Alle elezioni presidenziali in Moldavia che si sono tenute domenica 30 ottobre, Igor Dodon, leader del partito socialista e candidato filo-russo, a scrutini quasi completati, ha ottenuto il 48,23 per cento dei voti, a un passo dalla vittoria secca al primo turno. Maia Sandu, che già aveva raccolto il sostegno di molti candidati del campo pro-europeo, ha ottenuto il 38,42 per cento. La percentuale dei votanti è relativamente bassa, al 49,17 per cento.
Messa così, è una vittoria del campo pro-russo, con una possibile conferma anche al secondo turno, previsto per il 13 novembre, pochi giorni dopo le elezioni statunitensi.

LO SCHEMA FILO-RUSSO

Igor Dodon non ha cercato il sostegno diretto di Putin, com’era avvenuto nelle elezioni precedenti, non è stato troppo duro con l’Accordo di associazione con l’Unione europea e si è presentato con un messaggio patriottico, anti-governativo e anti-establishment. Pur di chiara ispirazione filo-russa, ha giocato il tema dell’unità, sia nei confronti della Transnistria – con cui costruire una federazione moldava – sia nei confronti della troppo occidentale Romania, mostrandosi ostile sia alla riunificazione sia all’attuale collaborazione. Al suo fianco, ha ottenuto il 6,03 per cento dei voti un secondo candidato filo-russo, Dumitru Ciubaşenko, del nuovo partito più radicale di Renato Usaţii (Partidul Nostru), nato nel quadro del processo di destabilizzazione realizzato tra il 2014 e il 2015. Mettendoli insieme, la vittoria al secondo turno di Igor Dodon appare scontata.

LO SCHEMA FILO-EUROPEO

La campagna si è svolta non già sul tema geopolitico dell’avvicinamento all’Europa, ma in prevalenza sui temi della corruzione, dell’anti-establishment, della necessità di cambiamento. Per questa ragione, il numero dei votanti, in particolare giovani, è stato basso, probabilmente nel campo pro-europeo.

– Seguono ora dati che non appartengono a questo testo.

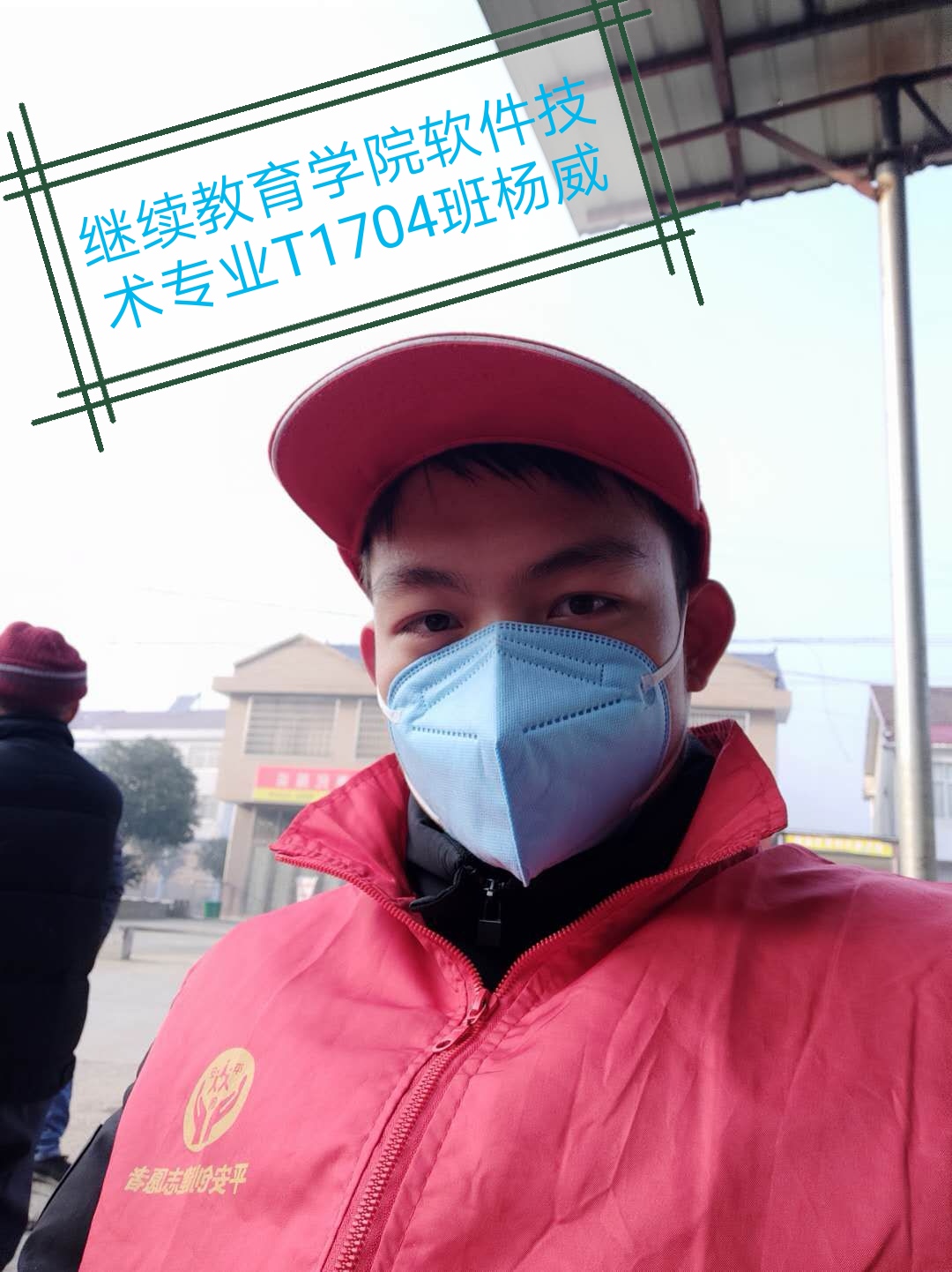杨威,继续教育学院软件开发T1704班学生,家在常德市石门县白云乡青龙桥村。他一直是一名积极乐观,阳光向上,孝敬父母,尊敬老师的好孩子,好学生。通过自己的努力在校获得了许多的荣誉,还是班长。当看到自己村在招防控志愿者时,他毅然决然地报了名,成为了一名疫情防控宣传志愿者。根据当地村庄情况,协助当地开展政策的传达和科学的防控知识的宣传等工作。虽然年龄不大的他,但工作起来却丝毫不含糊。对未戴口罩出行的村民,他总是耐心提醒和劝说。很多村民因此对他印象深刻,纷纷夸赞他。杨威却说:“相比前线的医务工作人员来说,自己做的不算什么。能为大家助力,我很荣幸。我会努力站好岗、值好班,为疫情防控贡献青春力量”。

Maia Sandu ha manifestato distanza dagli oligarchi, insistito sul tema del contrasto alla corruzione e si è presentata con una sua forza politica nata a fine del 2015, il “Partito d’azione e solidarietà” (Partidul Acțiune și Solidaritate). Intorno a lei si sono raccolti i voti sia di un movimento popolare anti-corruzione, “Dignità e Verità” (Demnitate şi Adevăr), sia dei tradizionali partiti pro-europei, che presentano però una serie di leader d’immagine governativa se non oligarchica. A fianco di Maia Sandu si trovano inoltre Iurie Leancă, che ha ottenuto il 3,68 per cento dei voti, e altri cinque candidati variamente pro-europei, che hanno insieme hanno il 4,2 per cento dei voti. Tra l’altro, i voti dei moldavi anche temporaneamente in Italia (la cosiddetta “diaspora”) sono stati diretti in gran parte a Maia Sandu.

GLI SCENARI

Se dall’interno è percepita come un evento nazionale, dall’esterno l’elezione è terreno di confronto est-ovest. La coalizione intorno a Maia Sandu si è creata con l’attivo sostegno del Partito popolare europeo e del suo presidente Joseph Daul; un po’ di strategia e d’immagine è venuta anche da Vladimir Plahotniuc, in qualche modo “accettato” da parte occidentale, proprietario di tre televisioni, da cui la Sandu ha però preso le distanze. Gli appoggi a Igor Dodon sono chiaramente filo-russi, sia per l’aderenza ai temi di programma sia per l’affiancamento con il partito di Renato Usatii. Il voto al primo turno presenta inoltre forti differenze territoriali che corrispondono sia alle influenze dirette dei leader sia alla distribuzione sociale della popolazione, con una vittoria della Sandu nella capitale Chisinau (48,6 per cento contro 42 per cento) e una sconfitta a Balţi, dove i due candidati filo-russi hanno raggiunto il 78,6%.
Il campo pro-europeo ora in difficoltà dovrà dunque mostrare sia una forte capacità di mobilitazione al secondo turno, e in particolare tra i giovani, sia una supplementare capacità di argomentazione sul tema della rabbia e del rinnovamento. Il campo filo-russo invece ha buon gioco nell’indicazione di voto che verrà dal più radicale filo-russo Dumitru Ciubaşenko, ma che rischia di far emergere la questione geopolitica Russia/Europa come prioritaria rispetto a quella del rinnovamento interno e della protesta.